Why you should care
Because America might be more of a plutocracy than we admit.
Here’s the thing we all have to see: The flaw in the design of Hong Kong’s proposed democracy — a flaw that has triggered more than a hundred thousand Hong Kong residents to take to the streets — is precisely the same flaw that sits at the core of America’s democracy too. And when we see this, the real question we should be asking is not what’s wrong with them. The real question is what’s wrong with us.
The plan that has triggered the Hong Kong protests doesn’t deny the voters the ultimate influence over the chief executive of Hong Kong. It denies them an initial influence. Under the scheme proposed by the Chinese Standing Committee of the Twelfth National People’s Congress, voters would get to choose which, among two or three candidates, would be elected. But it would be a committee of 1,200 Hong Kong residents that would get to pick who those two or three candidates are. The protesters fear the obvious bias in such a procedure, worried that the committee will be “dominated by a pro-Beijing business and political elite,” and thus the candidates that the citizens get to select from won’t be the candidates that reflect the views of Hong Kong’s citizens generally.
Because unlike the citizens of Hong Kong, most Americans believe there’s nothing we can do about it.
But that’s exactly what happens in America’s democracy too. The candidates that Americans get to choose from of course have been selected by voters in primaries. But to be able to run in a primary, or in a general election, those candidates must secure an extraordinary amount of campaign cash. The providers of that cash aren’t all of us. And they are certainly not even a representative sample of us. They are instead a tiny, tiny fraction of the 1 percent (arguably the same proportion of America as 1,200 is of Hong Kong), which, as a massive empirical study by Princeton’s Martin Gilens and Ben Page suggests, produces a government that is responsive to the “economic elite and organized business interests,” but not at all to “the preferences of the average American.” We have, like Hong Kong would have, a biased filter at the first stage of our democracy. And that bias produces a government that is not responsive to us.
So why then aren’t Americans in the streets, too?
Because unlike the citizens of Hong Kong, most Americans believe there’s nothing we can do about it. Hong Kong is still birthing its democracy. Getting it right still seems possible, at least to its kids. But as Americans have watched the dominance of big money in politics and society generally grow, they see the chance that we could do anything about it fade. A democracy corrupted by its dependence on the funders of campaigns seems as inevitable in today’s America as death and taxes. We are late in the midlife of our democracy. We have resigned ourselves to all the things that we can’t do anymore.

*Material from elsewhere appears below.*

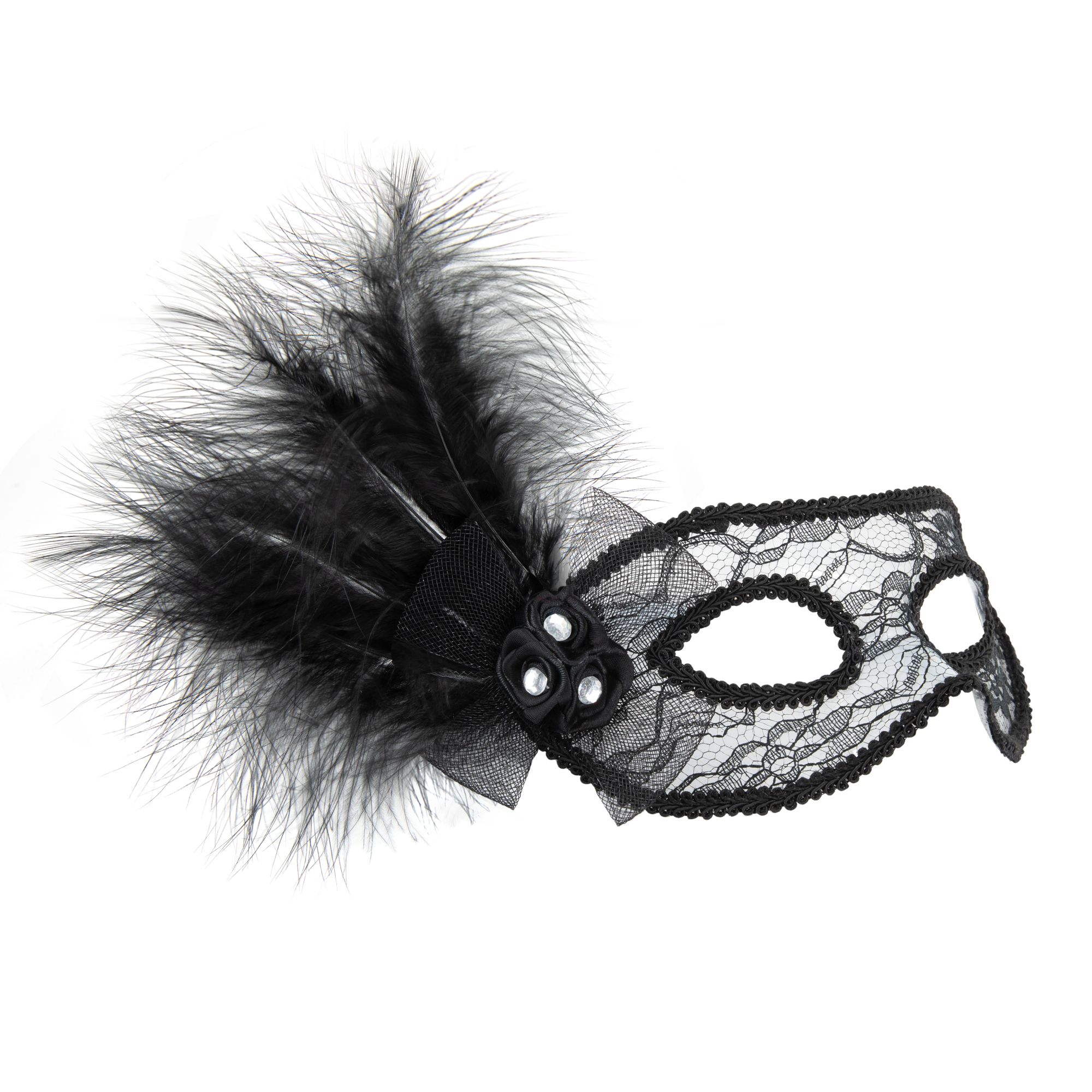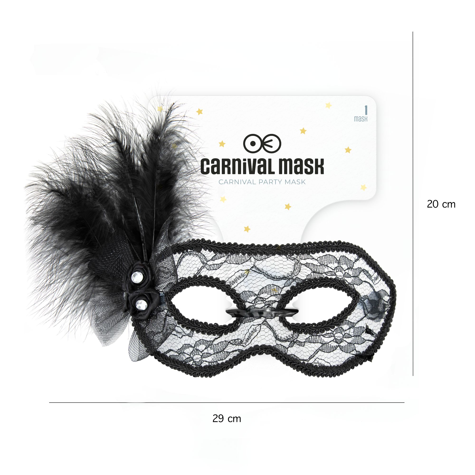 Maska karnawałowa koronkowa przezroczysta z piórami czarna

And perversely, the most prominent movement currently pressing for reform may actually be contributing to this resignation. The single, outstanding target of the reformers today is the Supreme Court, and the decisions by that court striking down campaign finance regulations. Those decisions are constitutional rulings. They can be reversed only by a new court or a new constitutional amendment. But the barriers to amendment are impossibly high, and justices on the Supreme Court seem to hang around forever. Thus most think the most we can do is to wait them out. Most believe that until that court changes, there’s nothing to be done.

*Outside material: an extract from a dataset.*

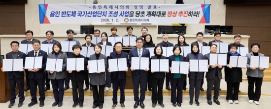 ¿ëÀÎÆ¯·Ê½ÃÀÇȸ°¡ 2ÀÏ º»È¸ÀÇÀå¿¡¼ ¡®±¹°¡ °æÀï·Â °È ¹× ÷´Ü Àü·«»ê¾÷ À°¼ºÀ» À§ÇÑ ¿ëÀÎ ¹ÝµµÃ¼ ±¹°¡»ê¾÷´ÜÁö Á¶¼º »ç¾÷ °üö ¼º¸í¼¡¯¸¦ ¹ßÇ¥ÇÏ°í »ç¾÷ÀÇ ´çÃÊ °èȹ¿¡ µû¸¥ Á¤»ó ÃßÁøÀ» Á¤ºÎ¿¡ °·ÂÈ÷ Ã˱¸Çß´Ù.

That view is criminally mistaken. It is absolutely clear that with a single statute, America could radically change the way campaigns are funded. A simple majority in Congress could pass a law establishing small-dollar public funding of elections, perfectly constitutional even under the standards of this court, which would fundamentally alter the influence of big money at the first stage of an election. Rather than raising the money candidates need from the tiniest fraction of the 1 percent, small-dollar public funding would give them a chance to raise the money they need from a wide range of Americans. We all would be funding elections, just as we all are supposed to be voting in those elections. The bias in the first stage would be eliminated. And we would give Americans a reason again to believe that the actions of Congress were not driven by the interests of the “economic elite and organized business interests” alone.
This truth led Republican strategist Mark McKinnon and I to launch the MaydayPAC, a super PAC to end all super PACs, by electing a Congress committed to fundamental reform in the way campaigns are funded — by 2016. In 2014, we have selected a small number of races to prove what most in D.C. deny: that if given the chance, Americans, like the citizens of Hong Kong, care enough about the integrity of their government, and would vote for candidates who commit to restoring it. If we can show that in this cycle, then we’ll be back in 2016, with enough resources to win a Congress that would pass fundamental reform in the way campaigns are funded.
We want the same democracy that Hong Kong is protesting for — a representative democracy, representative at every stage of elections.
The key is a plan that seems winnable, because if there’s a fight that seems plausible to succeed, there is endless energy among Americans to join that fight. We want the same democracy that Hong Kong is protesting for — a representative democracy, representative at every stage of elections. If only half the proportionate number of Americans turned out to demand just that, you can be certain that we could get it.
The students of Hong Kong have started a movement. But that movement must now become global. Democracies throughout the world have lost touch with this basic and fundamental principle — that every stage of an election must be unbiased, if the system is to earn the trust of the people. We should join Hong Kong and demand that idea everywhere.